L’uomo secondo la legge islamica è accusato di blasfemia, e potrebbe rischiare anche la pena di morte.

Dura la reazione della Guida suprema della Repubblica islamica dell’Iran Ali Khamenei che decide di interviene in prima persona, con il Grande Ayatollah che via Twitter dice:

Il governo svedese ha il dovere di consegnare il criminale che ha bruciato il Sacro Corano ai sistemi giudiziari dei paesi musulmani”.

La guida suprema iraniana avverte poi:

L’insulto al Sacro Corano in Svezia è un evento amaro, cospirativo, pericoloso ha scritto poi il Grande Ayatollah in un secondo tweet. Tutti gli studiosi islamici sono concordi nel ritenere che coloro che hanno insultato il Sacro Corano meritino la punizione più severa. Il governo svedese dovrebbe sapere che, sostenendo il criminale che ha bruciato il Sacro Corano si è schierato in una battaglia della guerra al mondo musulmano. Hanno creato sentimenti di odio e animosità nei loro confronti in tutte le nazioni musulmane e in molti dei loro governi’‘.

L’Iran convoca l’ambasciatore italiano

Maryam Rajavi invitata al parlamento italiano: “significa promuovere il terrorismo; non trasformate il Paese in un rifugio di terroristi”.
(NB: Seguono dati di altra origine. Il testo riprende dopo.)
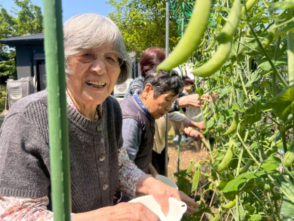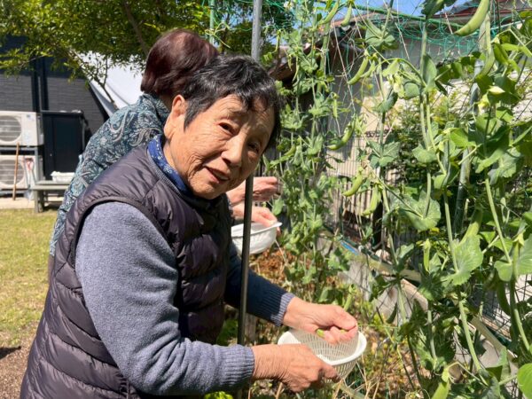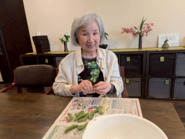午前中はお庭の畑からスナップエンドウを収穫して頂き、筋取りをして頂きすぐに塩茹し、お昼ご飯で召し上がって頂き最高のお昼でした。庭の手入れもして下さり有難う御座います。

L’ambasciatore italiano a Teheran Giuseppe Perrone è stato convocato presso il ministero degli Esteri iraniano a causa della recente partecipazione di Maryam Rajavi, leader del movimento dissidente Mujahedin Khalq Organization – Mojahedin del popolo iraniano (Mko) ritenuto terrorista dall’Iran, a un evento presso il parlamento italiano.

Il direttore per gli Affari europei presso il ministero di Teheran, come riporta Irna, ha detto al diplomatico italiano quanto di seguito:

Ospitare una criminale terrorista significa incoraggiare e promuovere il terrorismo e la Repubblica islamica non tollererà mosse di questo tipo in alcuna forma da parte di nessuno ed esprime una seria condanna chiedendo al governo di Roma di evitare di trasformare il Paese in un rifugio per terroristi“.
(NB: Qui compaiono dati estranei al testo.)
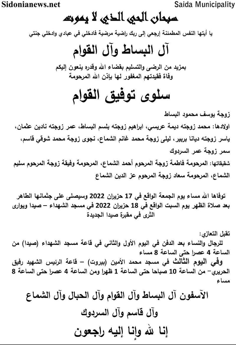سلوى توفيق البساط 18-6-2022 آل البساط والقوام والحبال والشماع وقاسم والسردوك وعريسي وعثمان (وفيات صيدا لبنان - جريدة صيدونيانيوز.نت)
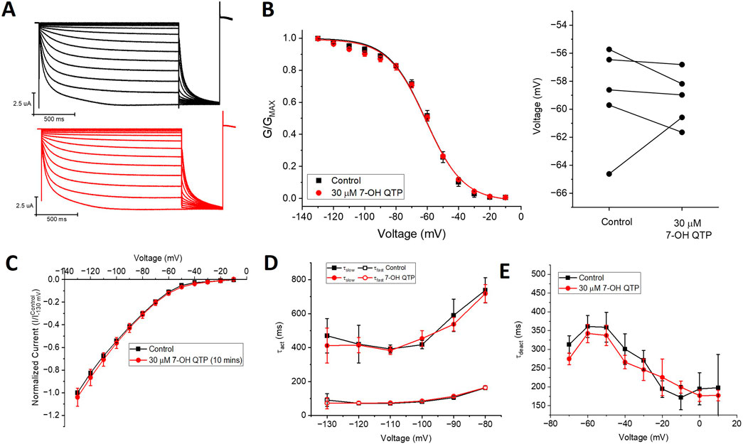 FIGURE 4. 7-hydroxyquetiapine (7-OH QTP) does not regulate HCN1 channels. (A) Representative traces from a paired activation experiment (control in black) following the addition of 30 µM 7-OH QTP (red traces) to oocytes expressing full-length HCN1. 30 μM 7-OH QTP does not affect (B) the voltage-dependence of activation (V1/2 of each cell is shown on the right) (n = 5, P = 0.64) (C), the current-voltage (I-V) relationship (n = 5, p = 0.47), (D) activation kinetics (n = 5, p = 0.88), or (E) deactivation kinetics (n = 6, P = 0.35) of HCN1 channels.

Il funzionario iraniano Majid Nili Ahmadabadi, stando a quanto riporta Ansa, ha aggiunto che l’Iran rispetta la sovranità nazionale di altri Paesi e sottolinea la necessità per la protezione della libertà di espressione in ambito legale, intervenendo come di seguito:

I meccanismi di governo nel mondo cercano la punizione per i terroristi ma fornire libertà ai terroristi significa l’annientamento della legge e della libertà dei cittadini rispettosi della legge. Il sostegno per il terrorismo non solo non promuove gli interessi di Roma nel formare una relazione costruttiva con l’Iran ma nello stesso tempo danneggerà l’immagine che l’opinione pubblica iraniana ha dell’Italia“.

Secondo l’Irna, l’ambasciatore italiano ha affermato che informerà le autorità del suo Paese rispetto alla protesta manifestata da Teheran.